YOUR TASK
Before writing anything, find the line that contains "တက်ရောက်အမှာစကားပြောကြားပြီး ဂုဏ်ပြုဆုများ ပေးအပ်ချီးမြှင့်", then retype the entries below exactly from their first line through that one, without pictures.

DATA PROVIDED
<<<<

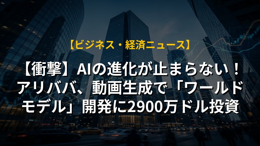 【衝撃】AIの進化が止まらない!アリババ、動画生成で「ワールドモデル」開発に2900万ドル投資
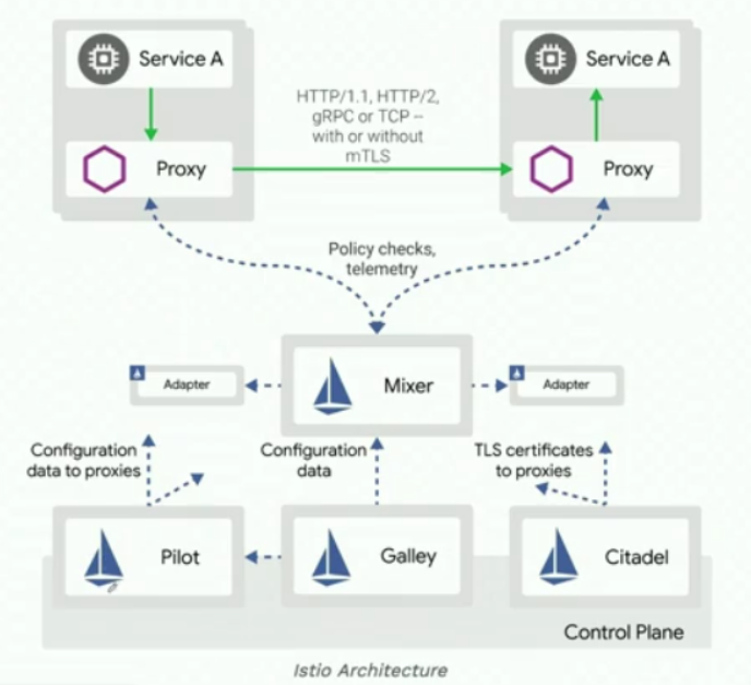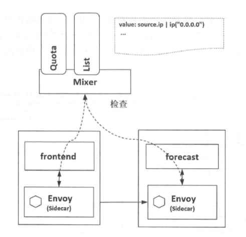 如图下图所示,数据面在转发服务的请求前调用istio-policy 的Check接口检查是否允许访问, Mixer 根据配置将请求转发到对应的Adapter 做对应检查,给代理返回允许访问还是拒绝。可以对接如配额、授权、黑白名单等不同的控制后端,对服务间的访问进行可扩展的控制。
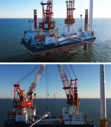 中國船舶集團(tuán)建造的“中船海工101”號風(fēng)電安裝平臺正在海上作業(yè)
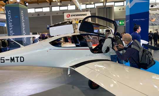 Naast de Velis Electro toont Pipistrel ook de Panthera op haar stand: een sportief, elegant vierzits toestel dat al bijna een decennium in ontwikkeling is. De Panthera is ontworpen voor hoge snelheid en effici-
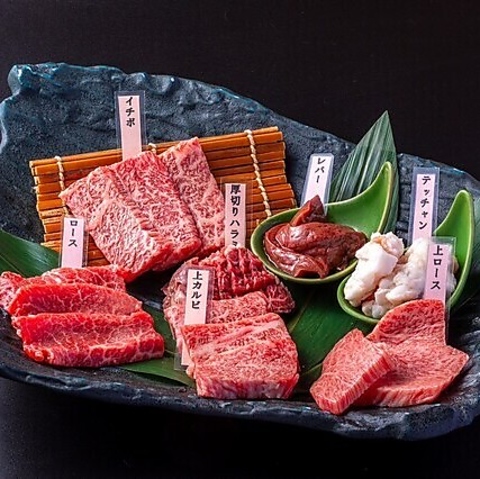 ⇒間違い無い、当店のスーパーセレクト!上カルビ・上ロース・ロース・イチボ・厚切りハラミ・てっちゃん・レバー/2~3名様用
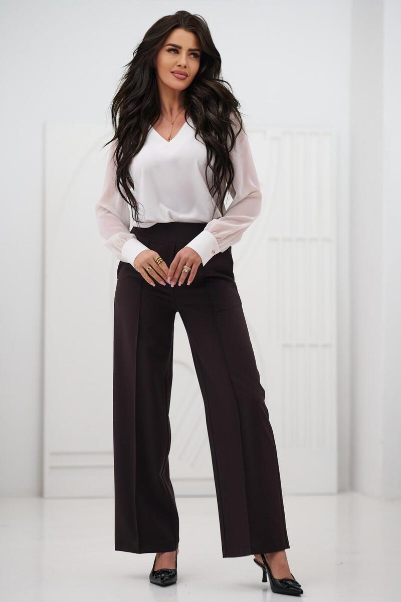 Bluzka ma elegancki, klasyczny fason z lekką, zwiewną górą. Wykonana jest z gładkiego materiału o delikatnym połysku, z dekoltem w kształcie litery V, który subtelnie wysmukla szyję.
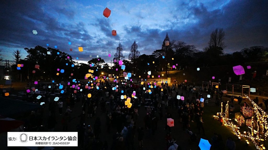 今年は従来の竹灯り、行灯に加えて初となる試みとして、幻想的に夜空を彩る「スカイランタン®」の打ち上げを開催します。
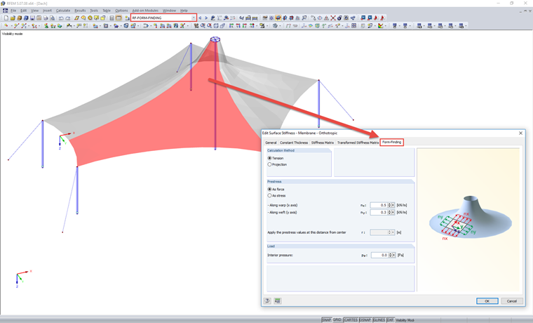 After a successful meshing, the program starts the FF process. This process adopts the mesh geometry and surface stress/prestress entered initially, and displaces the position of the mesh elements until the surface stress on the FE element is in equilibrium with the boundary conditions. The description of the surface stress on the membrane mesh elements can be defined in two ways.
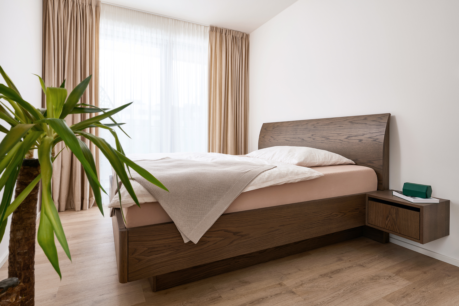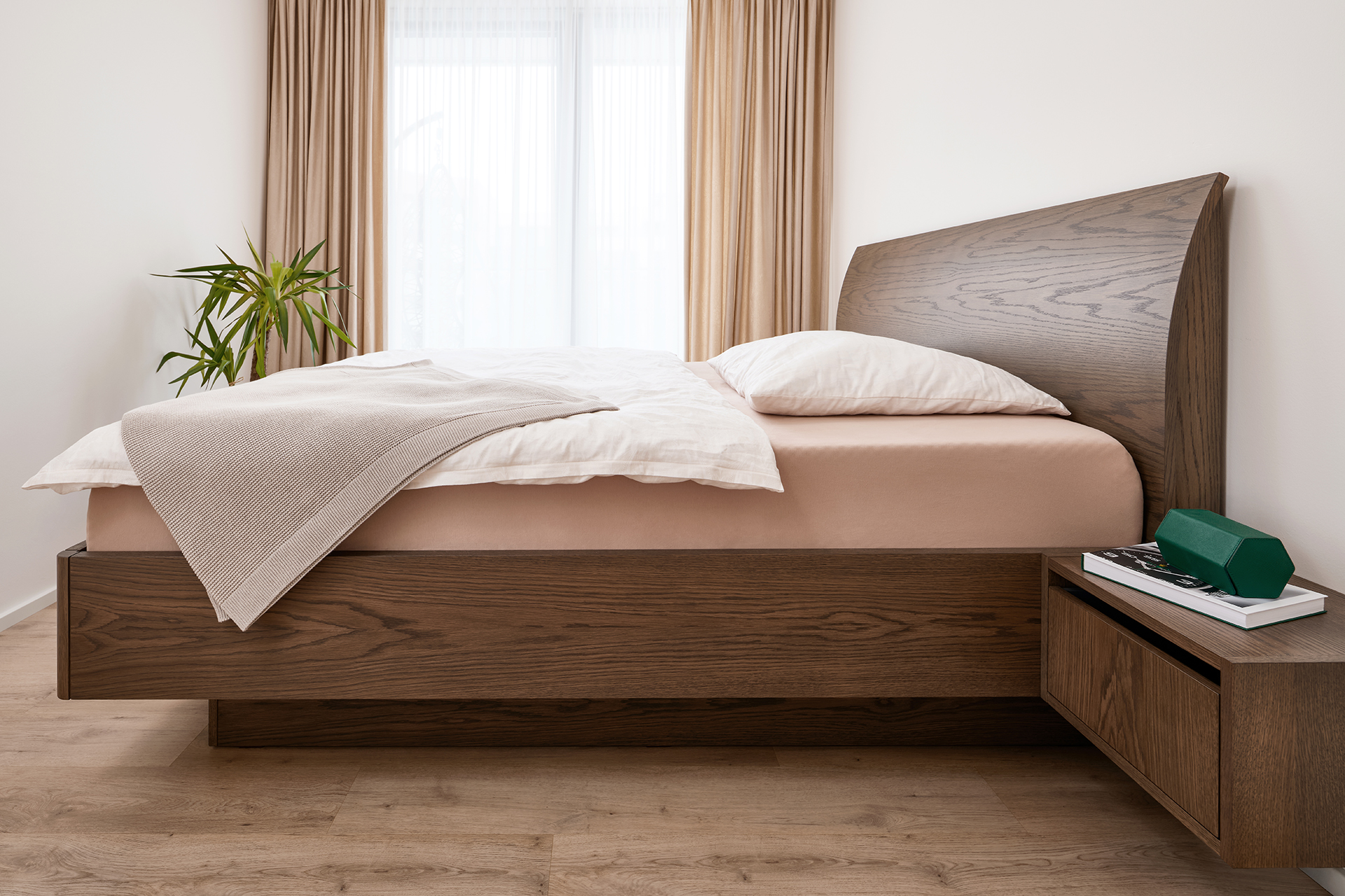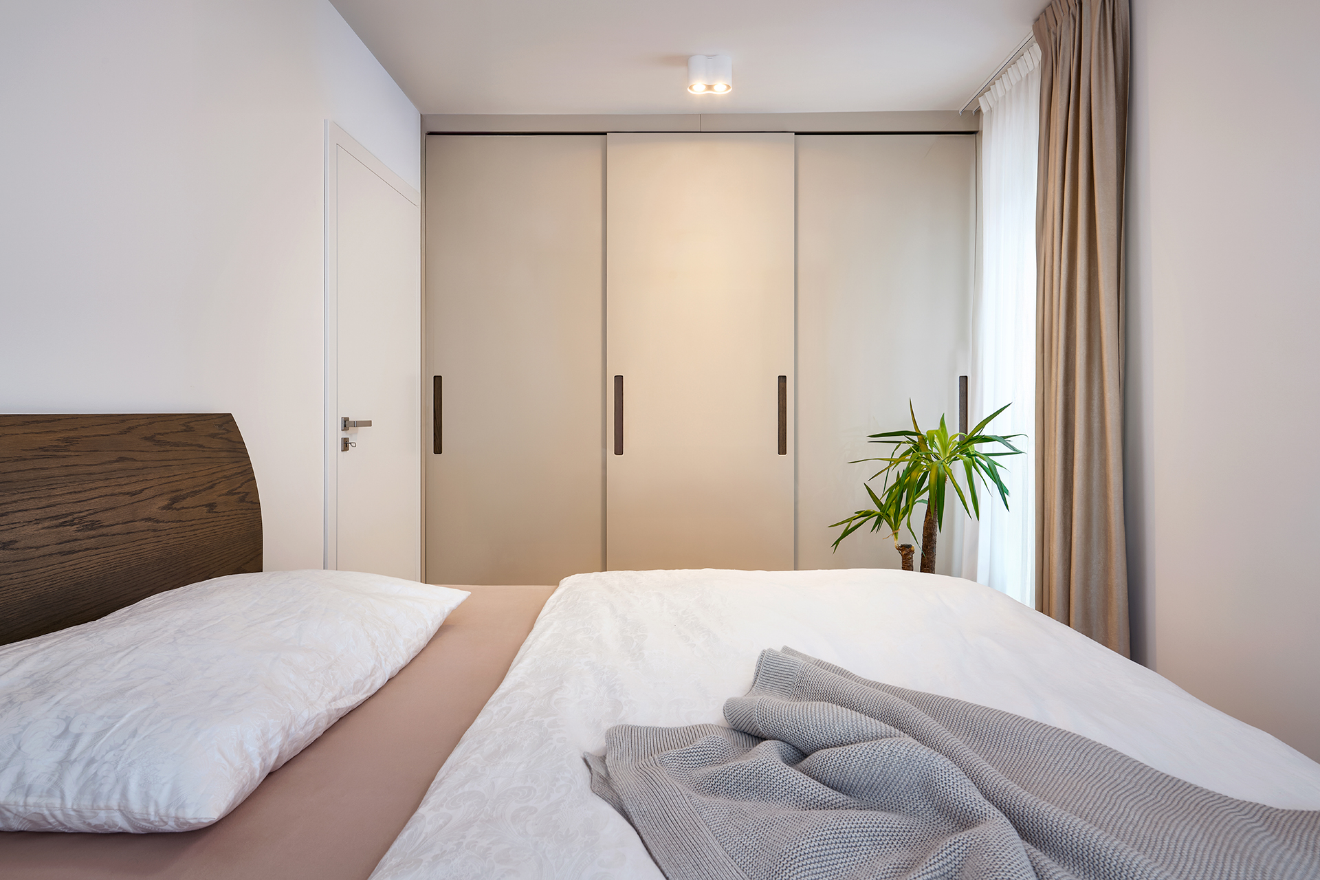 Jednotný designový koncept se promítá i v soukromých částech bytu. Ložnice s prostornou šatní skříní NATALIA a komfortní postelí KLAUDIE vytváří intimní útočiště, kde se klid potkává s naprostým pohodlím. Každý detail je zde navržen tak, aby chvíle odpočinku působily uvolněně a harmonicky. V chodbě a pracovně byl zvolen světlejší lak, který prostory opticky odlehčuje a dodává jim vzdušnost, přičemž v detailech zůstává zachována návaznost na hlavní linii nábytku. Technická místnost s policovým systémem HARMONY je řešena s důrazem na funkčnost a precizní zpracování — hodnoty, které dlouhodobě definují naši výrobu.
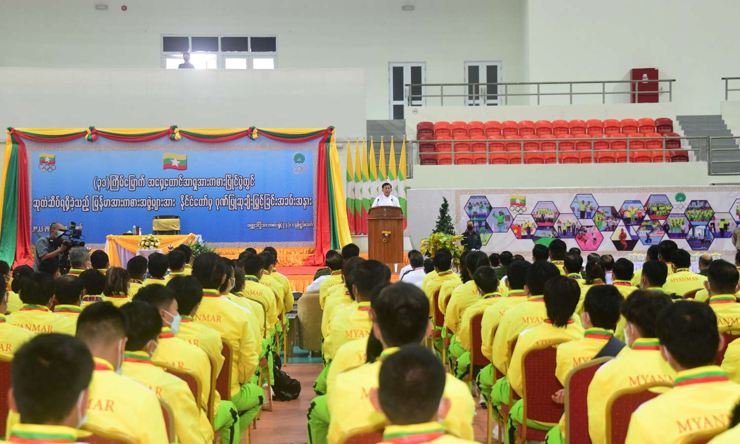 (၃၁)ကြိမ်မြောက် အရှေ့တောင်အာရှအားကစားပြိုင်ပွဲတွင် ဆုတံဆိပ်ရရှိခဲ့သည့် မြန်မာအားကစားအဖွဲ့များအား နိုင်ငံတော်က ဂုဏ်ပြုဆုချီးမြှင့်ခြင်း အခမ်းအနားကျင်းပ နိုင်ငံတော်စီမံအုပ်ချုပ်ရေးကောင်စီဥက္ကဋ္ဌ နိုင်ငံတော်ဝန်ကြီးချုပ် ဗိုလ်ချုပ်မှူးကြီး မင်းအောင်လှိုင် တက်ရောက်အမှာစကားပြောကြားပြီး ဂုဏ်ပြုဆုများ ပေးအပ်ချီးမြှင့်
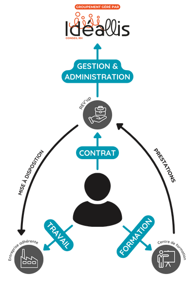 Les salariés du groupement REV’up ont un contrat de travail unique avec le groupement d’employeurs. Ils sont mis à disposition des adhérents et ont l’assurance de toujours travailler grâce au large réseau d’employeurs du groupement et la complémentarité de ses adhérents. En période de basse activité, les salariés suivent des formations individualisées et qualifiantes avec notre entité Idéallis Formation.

>>>>

REPLY
 【衝撃】AIの進化が止まらない!アリババ、動画生成で「ワールドモデル」開発に2900万ドル投資
 如图下图所示,数据面在转发服务的请求前调用istio-policy 的Check接口检查是否允许访问, Mixer 根据配置将请求转发到对应的Adapter 做对应检查,给代理返回允许访问还是拒绝。可以对接如配额、授权、黑白名单等不同的控制后端,对服务间的访问进行可扩展的控制。
 中國船舶集團(tuán)建造的“中船海工101”號風(fēng)電安裝平臺正在海上作業(yè)
 Naast de Velis Electro toont Pipistrel ook de Panthera op haar stand: een sportief, elegant vierzits toestel dat al bijna een decennium in ontwikkeling is. De Panthera is ontworpen voor hoge snelheid en effici-
 ⇒間違い無い、当店のスーパーセレクト!上カルビ・上ロース・ロース・イチボ・厚切りハラミ・てっちゃん・レバー/2~3名様用
 Bluzka ma elegancki, klasyczny fason z lekką, zwiewną górą. Wykonana jest z gładkiego materiału o delikatnym połysku, z dekoltem w kształcie litery V, który subtelnie wysmukla szyję.
 今年は従来の竹灯り、行灯に加えて初となる試みとして、幻想的に夜空を彩る「スカイランタン®」の打ち上げを開催します。
 After a successful meshing, the program starts the FF process. This process adopts the mesh geometry and surface stress/prestress entered initially, and displaces the position of the mesh elements until the surface stress on the FE element is in equilibrium with the boundary conditions. The description of the surface stress on the membrane mesh elements can be defined in two ways.
 Jednotný designový koncept se promítá i v soukromých částech bytu. Ložnice s prostornou šatní skříní NATALIA a komfortní postelí KLAUDIE vytváří intimní útočiště, kde se klid potkává s naprostým pohodlím. Každý detail je zde navržen tak, aby chvíle odpočinku působily uvolněně a harmonicky. V chodbě a pracovně byl zvolen světlejší lak, který prostory opticky odlehčuje a dodává jim vzdušnost, přičemž v detailech zůstává zachována návaznost na hlavní linii nábytku. Technická místnost s policovým systémem HARMONY je řešena s důrazem na funkčnost a precizní zpracování — hodnoty, které dlouhodobě definují naši výrobu.
 (၃၁)ကြိမ်မြောက် အရှေ့တောင်အာရှအားကစားပြိုင်ပွဲတွင် ဆုတံဆိပ်ရရှိခဲ့သည့် မြန်မာအားကစားအဖွဲ့များအား နိုင်ငံတော်က ဂုဏ်ပြုဆုချီးမြှင့်ခြင်း အခမ်းအနားကျင်းပ နိုင်ငံတော်စီမံအုပ်ချုပ်ရေးကောင်စီဥက္ကဋ္ဌ နိုင်ငံတော်ဝန်ကြီးချုပ် ဗိုလ်ချုပ်မှူးကြီး မင်းအောင်လှိုင် တက်ရောက်အမှာစကားပြောကြားပြီး ဂုဏ်ပြုဆုများ ပေးအပ်ချီးမြှင့်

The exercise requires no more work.